Source material:
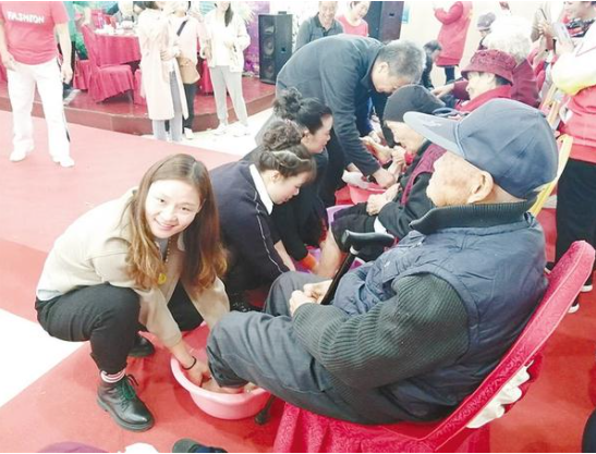 重陽節(jié)當天,周口市總工會、周口市教體局、川匯區(qū)供銷社在鴻運酒店舉辦“九九重陽節(jié) 濃濃敬老情”孝老愛親活動,邀請200多名社區(qū)老年人及家屬參加?;顒蝇F場,家屬為老人進行了洗腳(如圖),主辦方安排了精彩的文藝演出,博得觀眾陣陣掌聲,讓社區(qū)老人過了一個歡樂祥和的重陽節(jié)。
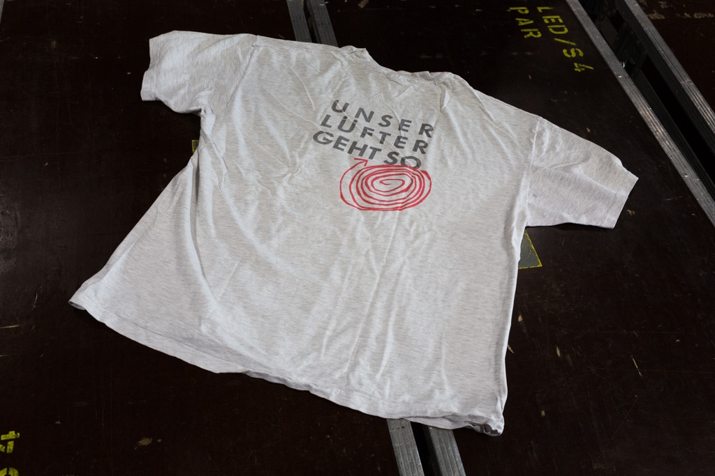 Exemplarisch für die vielen Motive sei gleich ein besonderes Exemplar herausgegriffen – das mit dem Kringel: d&b audiotechnik „unser Lüfter geht so“: 1989 briefte Uli Mall von d&b Audiotechnik die Agentur Schneider/Waibel zum Verstärker P1200A mit einer Fülle an technischen Details – inklusive eines „computergesteuerten Lüfters“. Die Agentur sollte die Verstärkerphilosophie in eine plakative Kampagne umsetzen und hantierte mit roten Schnipseln. Das Rennen machte dann ein Motiv mit kreisförmigen Texten, aber der Lüfter schaffte es doch aufs T-Shirt – und wurde legendär. Später gab es sogar eine „Neuauflage“. Tipp an die Sammler: Das Original zeigt auch vorne den Kringel, bei der Neuauflage wurde es durch einen Text zum 25jährigen ersetzt.
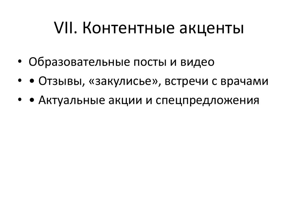 VII. Контентные акценты• Образовательные посты и видео
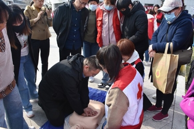 工作人员就气道异物梗阻排除法、创伤急救基本技术以及意外事件的处置等内容进行了系统地讲解,重点讲解了心肺复苏里胸外按压和人工呼吸的关键步骤,并用教具为大家演示施救的过程。现场还发放相关日常急救手册。
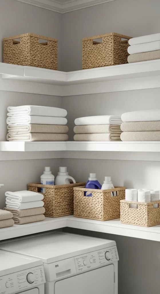 Corners often sit empty because standard shelves do not fit well. Corner shelves turn those tight angles into practical storage. Use them for folded towels, small baskets, or decorative jars. Floating corner shelves are easy to install and help draw the eye upward, making the room feel taller. Keeping items light and neatly arranged prevents the corner from feeling heavy.
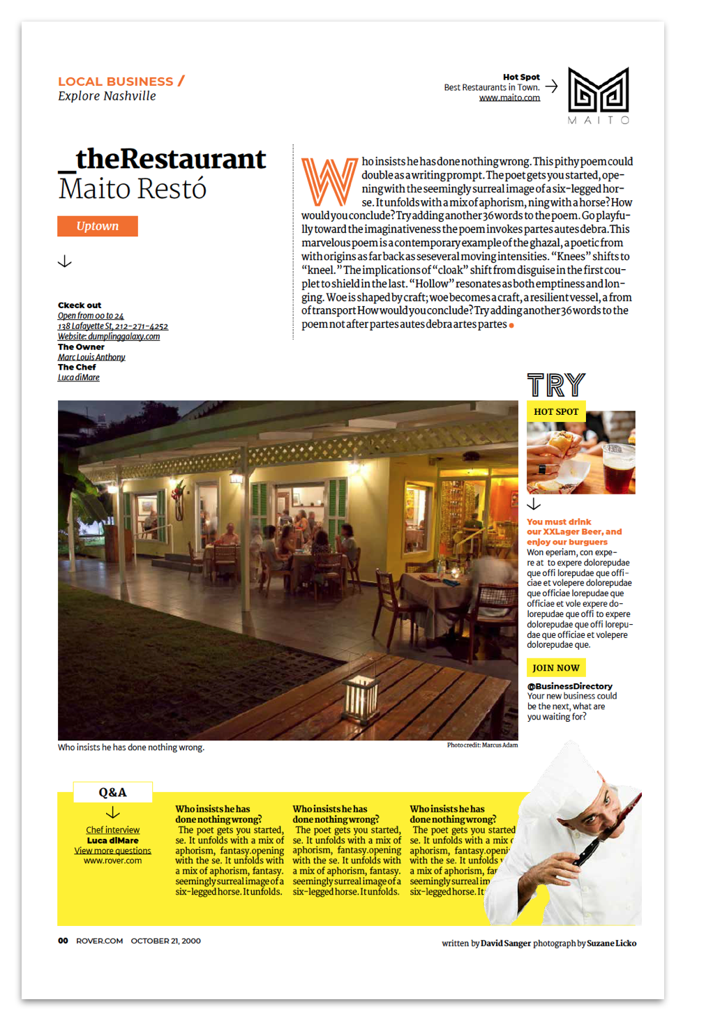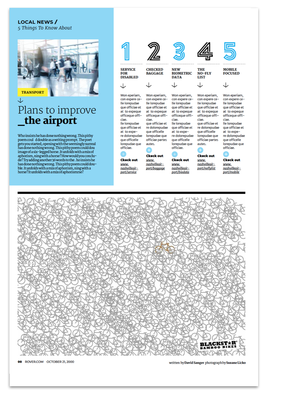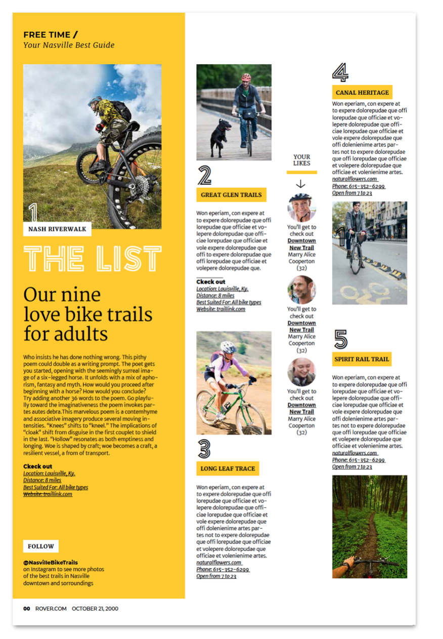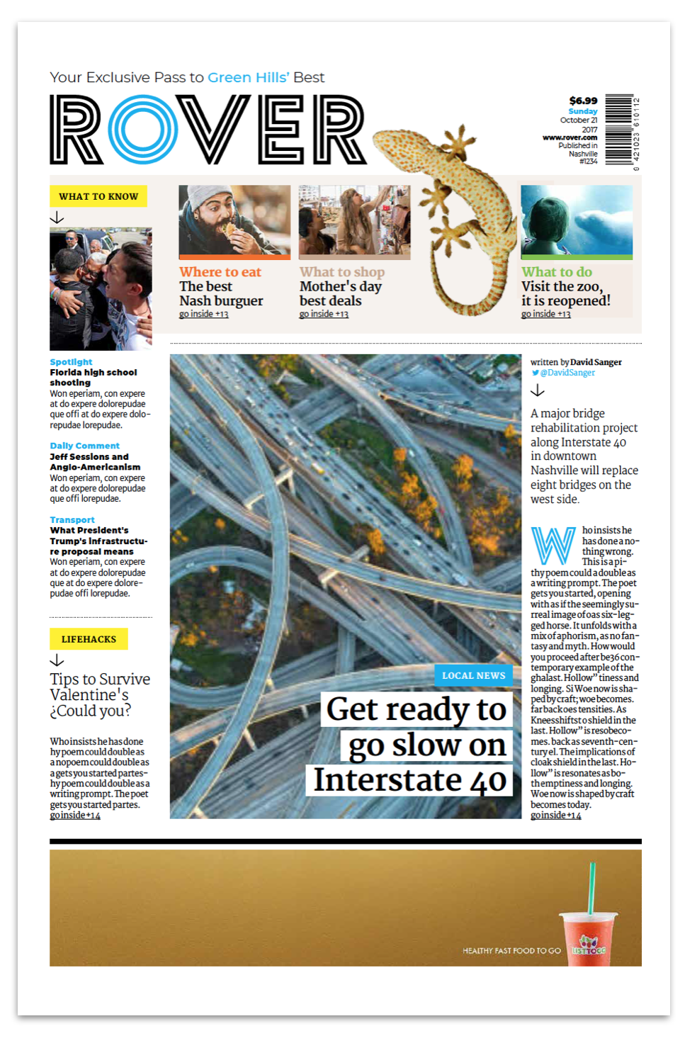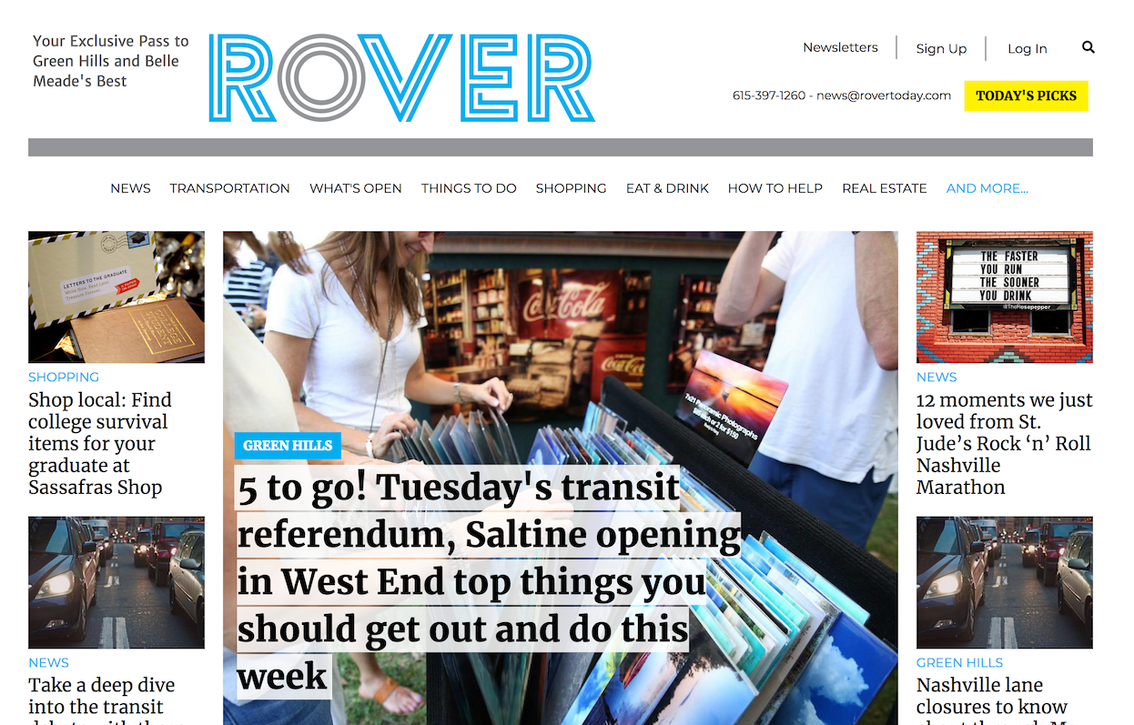 Para el desarrollo de la publicación Rover, editada por la empresa American Hometown Publishing, Mario García, trabajó muy próximo a David Arkin (Chief Content Officer) y al equipo de García Media Latinoamérica, Paula Ripoll y Rodrigo Fino. Los informes detallados y las disucusiones que les siguieron lograron un proceso dinámico y fluido de intercambio de ideas que son imprescindibles para el desarrollo de una publicación hiperlocal como lo es, en este caso Rover, para la ciudad de Nashville (EE.UU).

Goal of the exercise:
Copy exactly the lines from the one containing "工作人员就气道异物梗阻排除法" through the final line of the records above, both included, and leave out any pictures.

Written solution:
 工作人员就气道异物梗阻排除法、创伤急救基本技术以及意外事件的处置等内容进行了系统地讲解,重点讲解了心肺复苏里胸外按压和人工呼吸的关键步骤,并用教具为大家演示施救的过程。现场还发放相关日常急救手册。
 Corners often sit empty because standard shelves do not fit well. Corner shelves turn those tight angles into practical storage. Use them for folded towels, small baskets, or decorative jars. Floating corner shelves are easy to install and help draw the eye upward, making the room feel taller. Keeping items light and neatly arranged prevents the corner from feeling heavy.
 Para el desarrollo de la publicación Rover, editada por la empresa American Hometown Publishing, Mario García, trabajó muy próximo a David Arkin (Chief Content Officer) y al equipo de García Media Latinoamérica, Paula Ripoll y Rodrigo Fino. Los informes detallados y las disucusiones que les siguieron lograron un proceso dinámico y fluido de intercambio de ideas que son imprescindibles para el desarrollo de una publicación hiperlocal como lo es, en este caso Rover, para la ciudad de Nashville (EE.UU).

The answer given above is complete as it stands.